All study participants gave written informed consent. The KORA study was approved by the ethics committee of the Bavarian Medical Association, Munich, Germany.
Outcome Definition
The eGFR was calculated from serum creatinine (mg/dL) and cystatin C (mg/dL) (isotope dilution mass spectrometry–standardized and International Federation of Clinical Chemistry and Laboratory Medicine–standardized values) using the Chronic Kidney Disease Epidemiology Collaboration (CKD-EPI) equation (26). Non-CKD was defined as an eGFR ≥60 mL/min/1.73 m2 and an UACR <30 mg/g at both F4 and FF4 (9). Incident cases of CKD were defined as no CKD at baseline (F4) but reduced kidney function (eGFR <60 mL/min/1.73 m2) or kidney damage (UACR ≥30 mg/g) at follow-up (FF4).
Metabolite Quantification and Normalization
The serum samples from participants in the KORA F4 study were measured with the AbsoluteIDQ p150 kit (biocrates life sciences ag, Innsbruck, Austria) (24,27). In total, 3,061 serum samples of the F4 study were quantified for 163 metabolites in 38 randomly distributed kit plates (Supplementary Table 1). Each plate also contained three quality control (QC) samples (sex-mixed human plasma provided by the manufacturer) and one zero sample (PBS).
Identical QC procedures were used (13).
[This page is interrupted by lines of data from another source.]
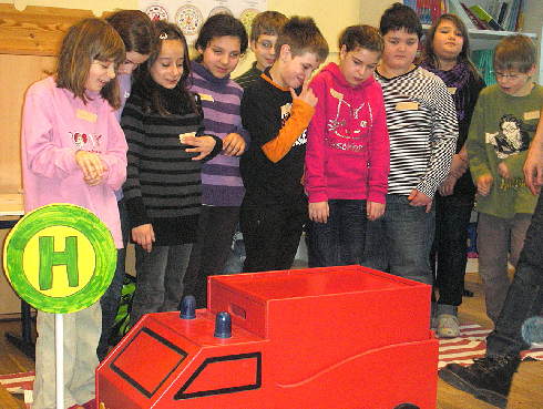 Was alles im Straßenverkehr passieren kann - das haben die meisten Kinder nicht erwartet. Umso eifriger finden sie heraus, wie sie sich richtig an der Bushaltestelle und im Bus selbst verhalten müssen. In spielerischen Situationen testen sie, wo die Gefahren lauern: Da wird ein Teppich zum Bürgersteig, Stühle zu Bussitzen oder Bustüren. Ein Feuerwehrauto aus Plastik simuliert den heranfahrenden Bus und ein selbstgebasteltes Schild markiert die imaginäre Bushaltestelle.
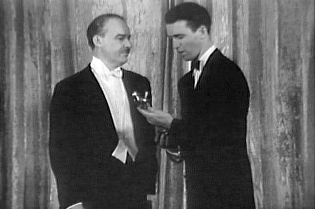Если герой предыдущего поста, Клинт Иствуд, предстаёт пред нами образцом американца сурового, американца-консерватора, человека старой закалки, неприемлющего современные веяния, честным патриотом, признающим недостатки своей страны и борющимся с ними теми силами что есть, потому как того требует эпоха, то Джеймс Стюарт, родившийся в период, называемый "эрой прогрессизма" и начавший карьеру во времена Великой депрессии был на экране и в жизни американцем другого толка. Американцем добрым. Простым хорошим человеком, истинным семьянином, символом честности и порядочности, свято верящим до последнего в величие нации и строящим её собственными руками, давая зрителям то, чего им так не хватало в тяжёлые времена и являясь для них примером поведения, эталоном человека того времени.
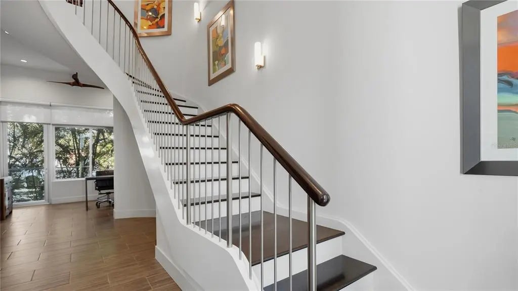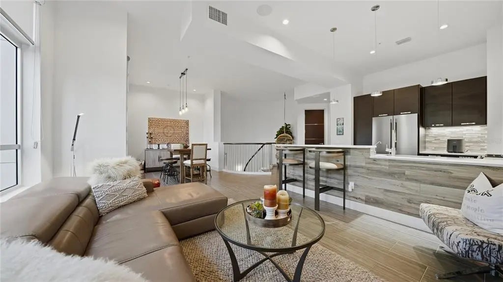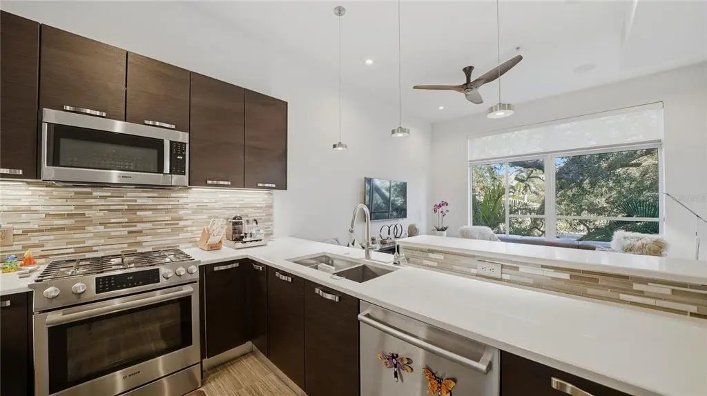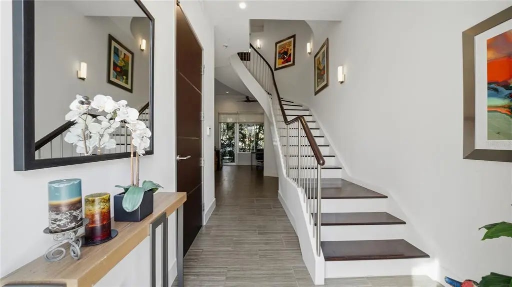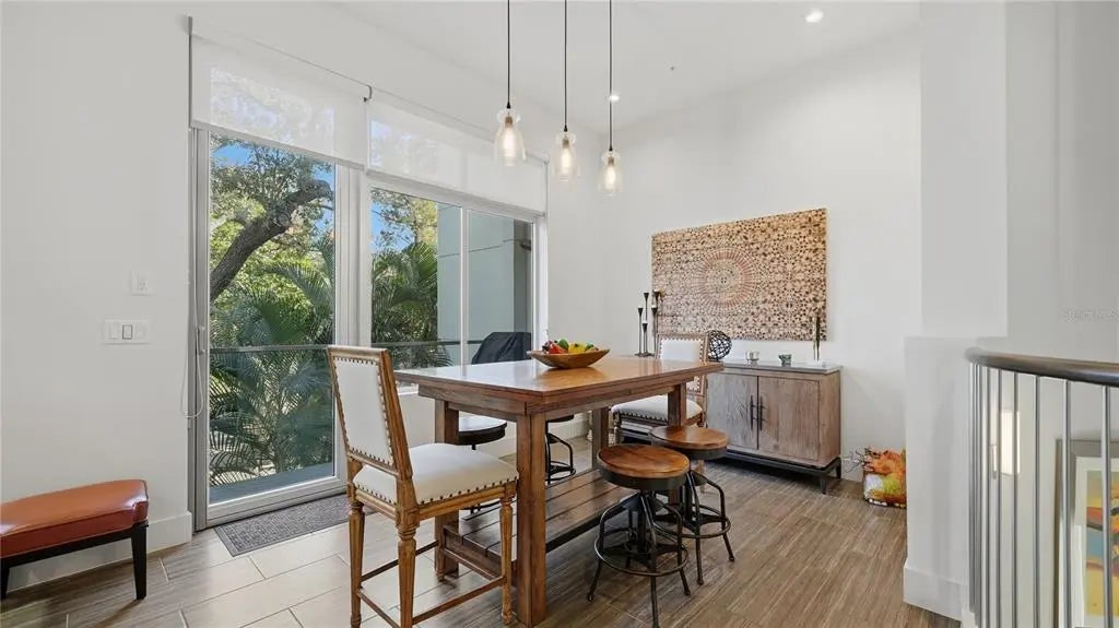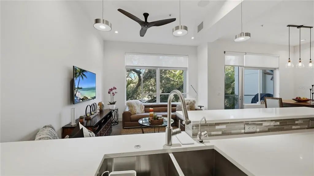 Amazing property and location! This Townhome is located between Osprey and Orange Avenues off of Ringling Blvd. in downtown Sarasota with 2 spacious bedrooms and 2.5 Baths. The Q is a unique enclave of 40 individually owned townhomes (not a condo). The moment you enter the front door, you will be mesmerized by the 13-foot-tall ceilings, the 8'-foot-tall solid wood Italian doors and a serene view through the foyer out the back door to historic Laurel Park. The downstairs area (11' x 10') is a great office space with large windows that could also work as a den. The second bedroom is conveniently located on the first floor and boasts both a walk-in closet and a double closet. This spacious second bedroom has an ensuite bathroom with a Lube single sink cabinet with quartz countertops and an oversized walk-in shower. Landry room is also, conveniently located on level one. On level 2, At the top of the stairs you are greeted by an amazing kitchen with Modern cabinets, quartz countertops and stainless-steel appliances. The glass tile backsplash and knee wall facing the living room are stylist and accessible, shimmering with light from the over-sized windows. The view from the upstairs living room and dining room is a scenic view of the treetops of historic Laurel Park. Step out onto the serene, private balcony where you feel like you're in the treetops. All windows are impact glass. The attached 2-car garage has spacious storage. The location is ideal. You are two blocks from the Saturday farmer's market and one block from amazing restaurants. If that's not enough, stroll to the theater, opera, or the marina. The Q is a very short ride or walk to the Legacy Trail connecting you from downtown to Venice. The free Breeze trolley runs every 30 minutes to takes you to St. Armand's Circle or out to Lido Beach. Buyers and/or Buyers Agent to verify all pertinent information, including room sizes, as they may be approximate. All Association information should be verified with Property Management Company or Association. Information deemed reliable but not guaranteed.
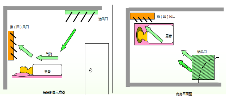 气流组织应尽量排除死区、停滞区和避免送、排风短路。送、排风口的布置一般设在病床的端头墙面,应使洁净空气首先流过病房内医护人员可能停留的区域,然后流过传染源(主要指病人头部)进入排风口。这样,医护人员就会处在气流的上风口,不会处于传染源和排风口之间。送风口布置在房间的一侧,与病人相对,排风从病人头部下风侧排出。气流组织通常受到空气送风温差、送排风口准确位置、医疗器具和家具摆放位置以及卫生保健人员和病人活动情况的影响。排风口的底部应在房间地板上方不低于100mm高的位置。
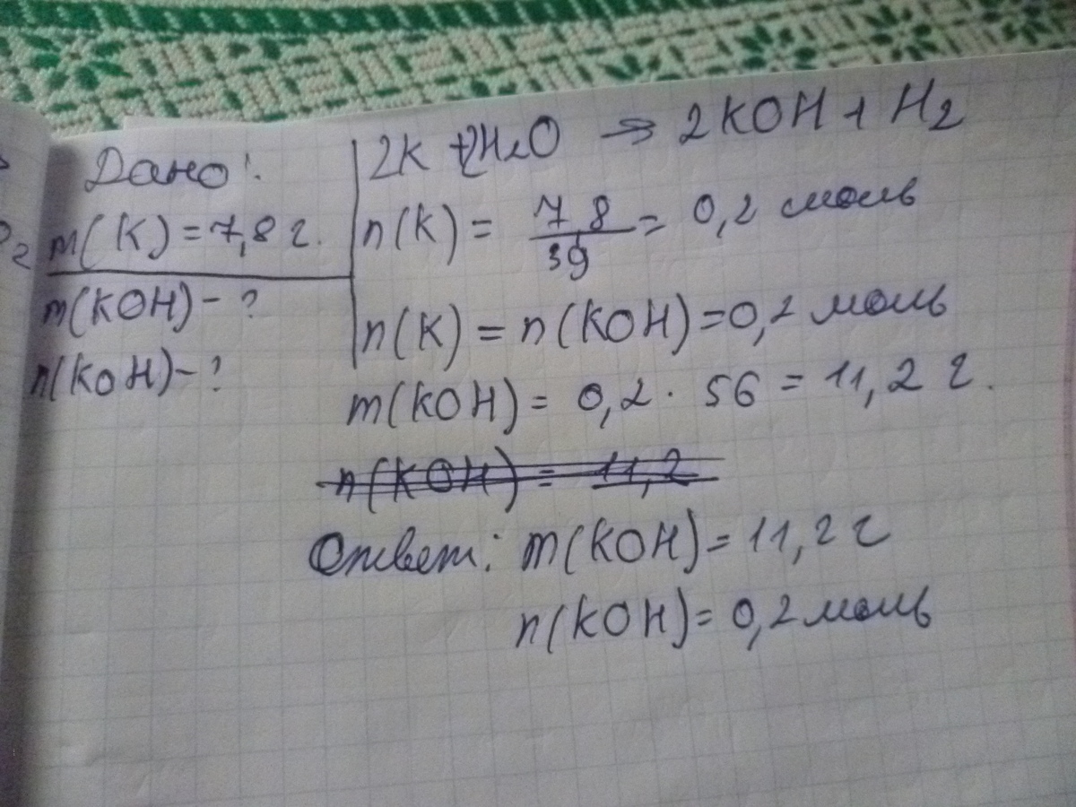вычислите массу гидроксида калия и количество вещества которое можно получить при полном взаимодействии с водой 7.8 грамм калия
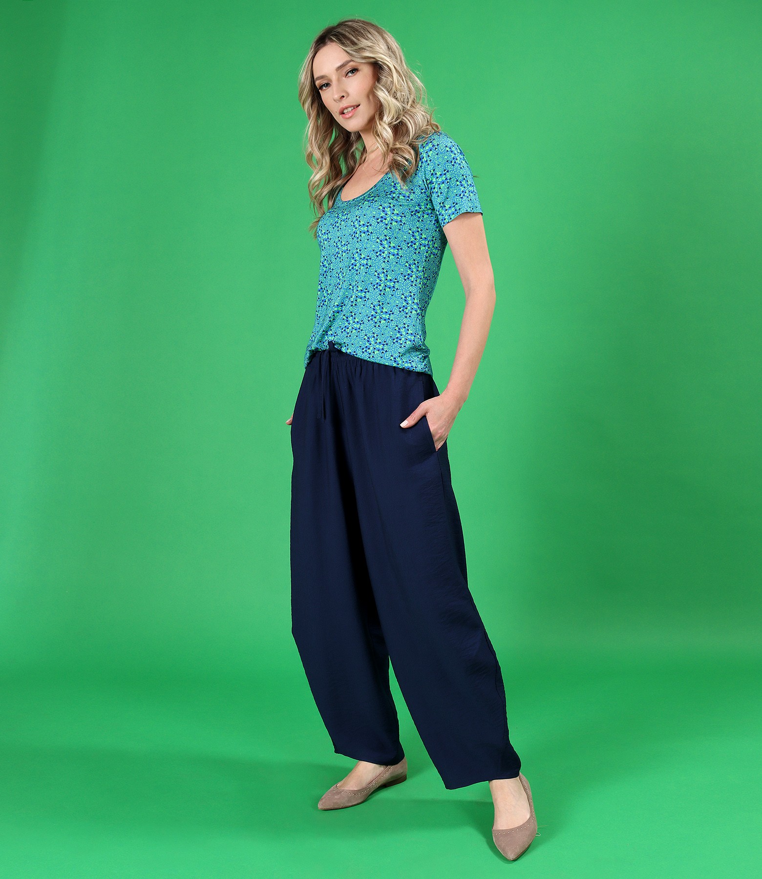 Bluza din jerse elastic de viscoza imprimat digital cu motive florale (Turcoaz), marimea
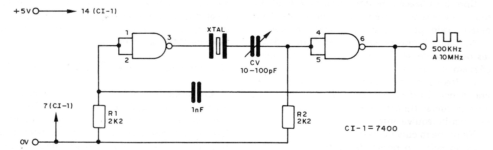 El oscilador mostrado en la figura utiliza dos puertas NAND de las cuatro existentes en un integrado TTL 7400. El cristal utilizado opera en la frecuencia fundamental y puede tener valores entre 500 kHz y 10 MHz. El trimmer CV permite ajustar el punto ideal de oscilación con mayor rendimiento para el rendimiento circuito. La alimentación debe realizarse con una tensión de 5 V y la señal obtenida en la salida es rectangular. Este circuito puede ser utilizado como base de tiempo de instrumentos digitales, tales como frecuencímetros, contadores, cronómetros, etc.
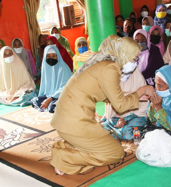 Ambu Anne, didampingi Kepala Dinsos P3A, Kepala BPBD, Camat Pasawahan, beserta Ketua Pengajian Al-Hidayah menyerahkan bantuan tersebut di Majlis Ta’lim Al-Falah Desa Pasawahan Anyar, Senin 21 Maret 2022.
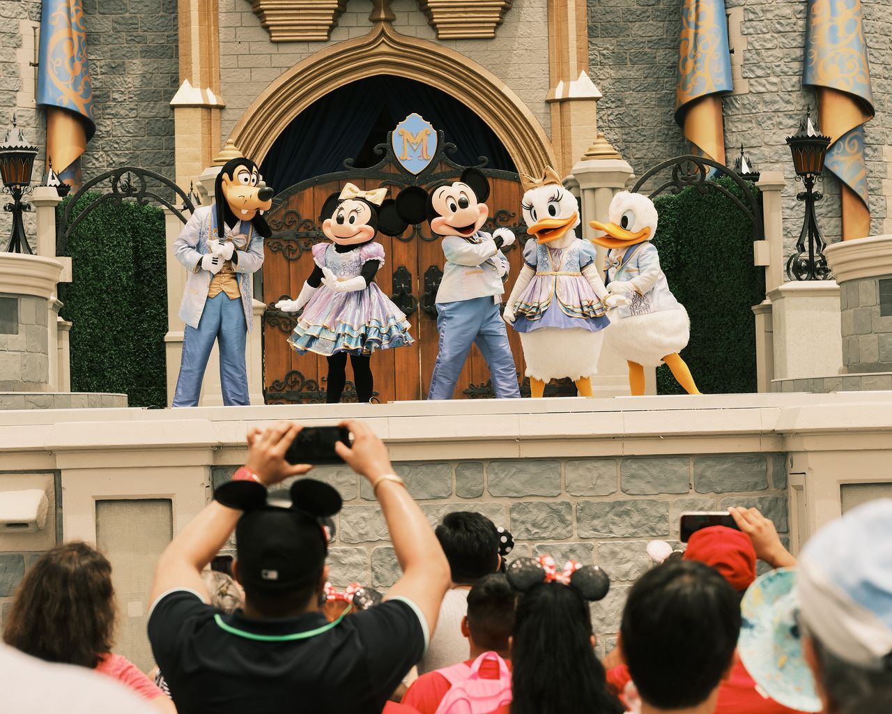 在奧蘭多迪士尼世界魔法王國主題公園,遊客們聚集觀看每日角色表演。一次迪士尼度假既可以是經濟實惠的旅行,也可以是名副其實的揮霍之旅——這取決於你如何規劃。
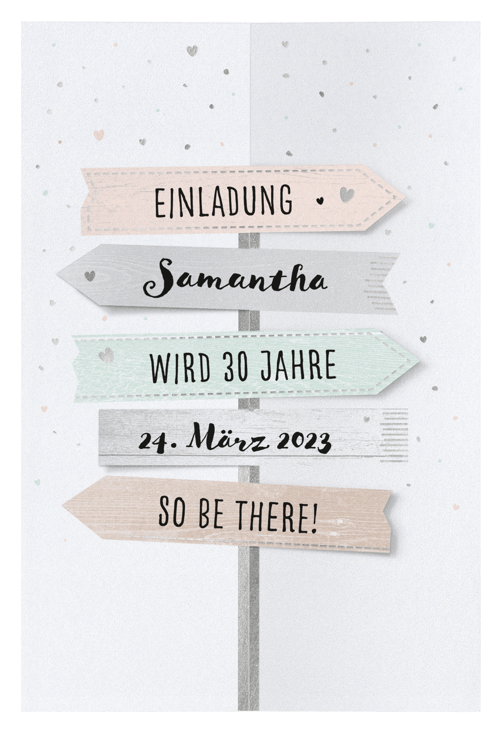 Das Wort "Einladung" und das Datum auf unserem Beispielfoto sind noch nicht vorgedruckt und nur ein Gestaltungsvorschlag.

Each metabolite met two criteria: 1) average value of the coefficient of variance in the three QCs <25% and 2) 50% of all measured sample concentrations equal to or above three times the median of the 38 zero samples. In total, 125 metabolites passed the criteria and were used in the subsequent analysis (Supplementary Table 1). For minimization of the plate effect, metabolite concentrations were adjusted for the plate normalization factors. For each metabolite, the plate normalization factors were calculated by division of the mean of QC sample values in each plate with the mean of all QC sample values in 38 plates. As shown in Supplementary Fig. 1, plate normalization efficiently corrected the interplate variations in metabolite concentration.
For comparability between different metabolites, their concentrations were natural-log transformed and scaled to a mean value of 0 and SD of 1.
Three-Step Feature Selection
Since feature reduction is an important aspect of predictive modeling, we defined a three-step feature selection procedure.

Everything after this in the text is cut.